Although Sabry’s sources are his biggest asset, they are also his book’s biggest weakness. The military and the militants have obvious interests in playing down or playing up the Sinai fight. Even if we assume the civilian population is interested only in spreading the facts, these are, at a minimum, unverifiable in a war zone, and urban (or rather desert) legends quickly become communal narratives. Sabry corroborates his details with several sources, but in an environment where everyone knows—and talks to—each other, this does not necessarily ensure factual accuracy.

One of the most glaring examples is Sabry’s account of the May 2014 operation that reportedly killed al-Menai, the jihadist leader. By the time of Sinais publication Sabry himself recognized that al-Menai was still alive, and it is unfortunate that this story—although a heroic story of local Bedouin standing up to jihadists—made it into the book. Another desert legend is the belief that Israeli unmanned aerial vehicles (UAVs) regularly circulate over, and take offensive operations in, North Sinai. This is probably a case of the local population being unfamiliar with the capabilities of its own military; aware of Israeli drone operations in neighboring Gaza, Sinai residents hear or see Egyptian surveillance drones and armed Air Tractors and assume they are from Israel.
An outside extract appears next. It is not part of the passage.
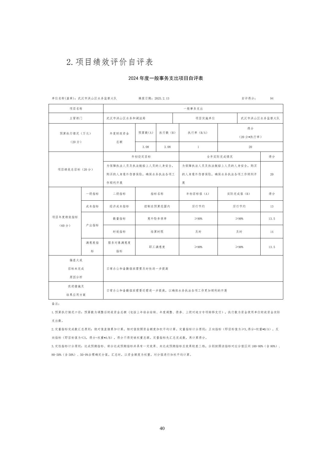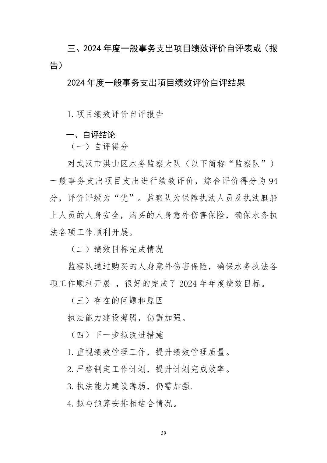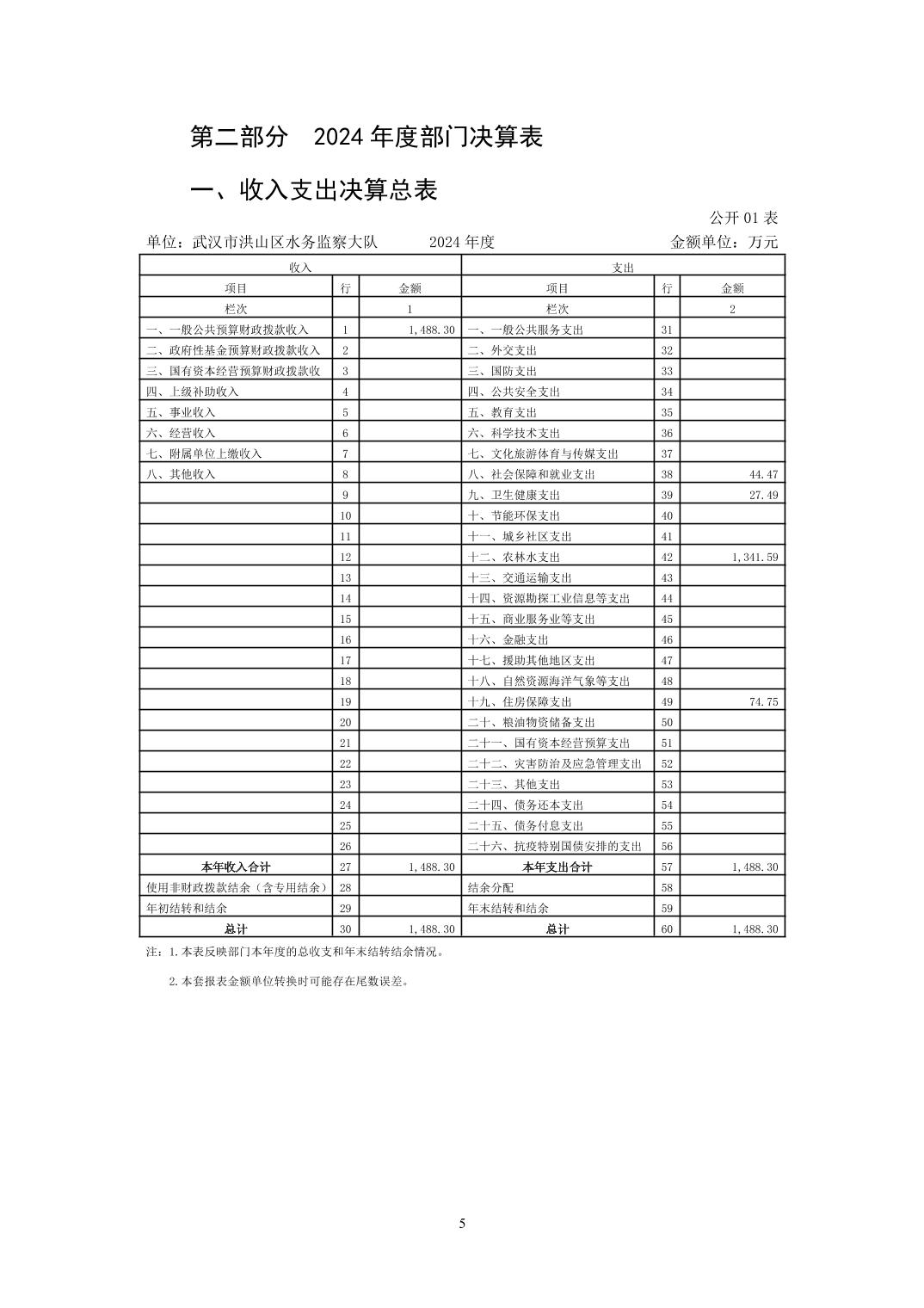 名 称:武汉市洪山区水务监察大队2024年度单位决算公开

Sinai’s great strength is that it gives voice to a population that has been ignored at best and silenced at worst. Journalists and researchers in Cairo, Jerusalem, and Tel Aviv often report on official Egyptian and Israeli viewpoints about Sinai. Sabry is one of the few researchers able to present the Sinai viewpoint to a broad audience, and even occasional inaccuracies help present the view the local Sinai population has of Egypt and Israel.
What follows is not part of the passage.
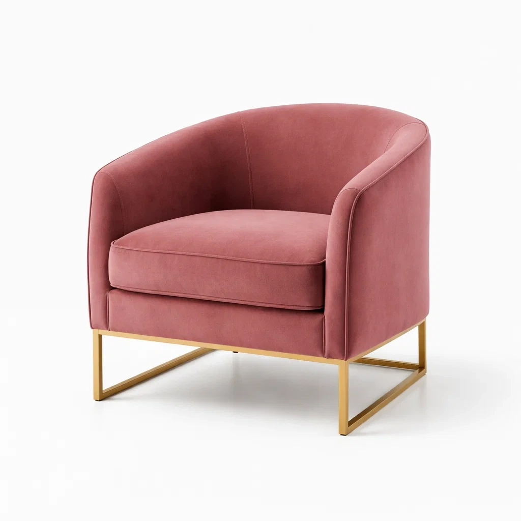 Ce fauteuil est composé de velours en polyester pour une assise agréable. La structure est en acier inoxydable doré garantissant robustesse et durabilité. Dimensions : 80 cm de longueur, 75 cm de largeur, 78 cm de hauteur. Poids : 10.5 kg. Nettoyage recommandé avec un chiffon humide.

Sinai’s release coincided with the Islamic State’s Sinai branch claiming responsibility for the bombing of a Russian civilian aircraft full of tourists in October 2015. The incident drew international attention to Sinai, to what was happening in the region, and to how such a militant threat developed. Sinai provides thorough answers. Sabry’s engaging narrative, drawing on local sources, introduces the peninsula, its population, and its politics to those who may not have thought about Sinai since the last Egyptian-Israeli war. The rare close Sinai-watcher will appreciate the refresher provided by the book, especially its eight-page chronology and investigations into the dueling narratives of important Sinai-related events.
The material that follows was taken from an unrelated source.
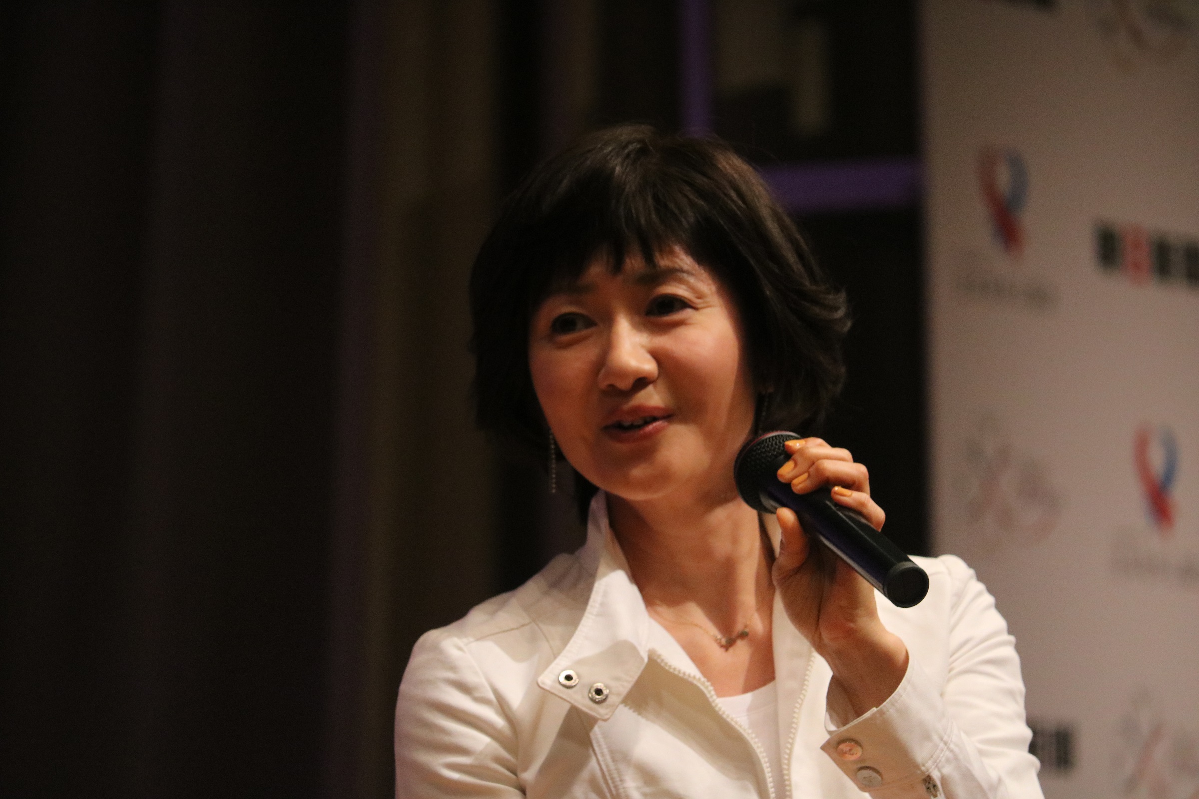 向井亜紀さん。明るく真摯に、対談相手の話を引き出していた

In his final chapter, “The Imminent Threat,” Sabry laments the current situation in North Sinai. Having provided details of past ministry of interior abuses in the introductory chapters, the book in its latter half documents military operations and government policies in the peninsula since 2011 and especially following Morsi’s 2013 ouster. Egypt’s current military leaders under President Abdel Fattah al-Sisi recognize that the interior ministry made mistakes a decade ago and that this “became the seed that grew into a rebellion.” However Sabry meticulously shows these past actions are paralleled by similar ones carried out by the present military regime. Promises to “put an end to six decades of depriving the peninsula’s population of their rights to register the ownership of their land, farms, and real estate,” for example, evaporated. By requiring the population to provide proof that their parents had held only Egyptian citizenship, the government placed an unreachable bar in front of the Bedouin community which “had lived until the 2000s without registering births or marriages, or even obtaining national ID cards.” He concludes that “al-Sisi’s regime may be able to defeat the insurgency with more brutality. But it wasn’t the insurgency that called for, and accomplished, Mubarak’s downfall in January 2011.”

Sabry warns that repression may bring short-term stability, but it creates an inherently unstable situation. Egypt’s government and military give lip service to this insight, but little more. Supporters of Egypt and of Israel who seek a stable and secure Sinai Peninsula between these two U.S. allies should be worried.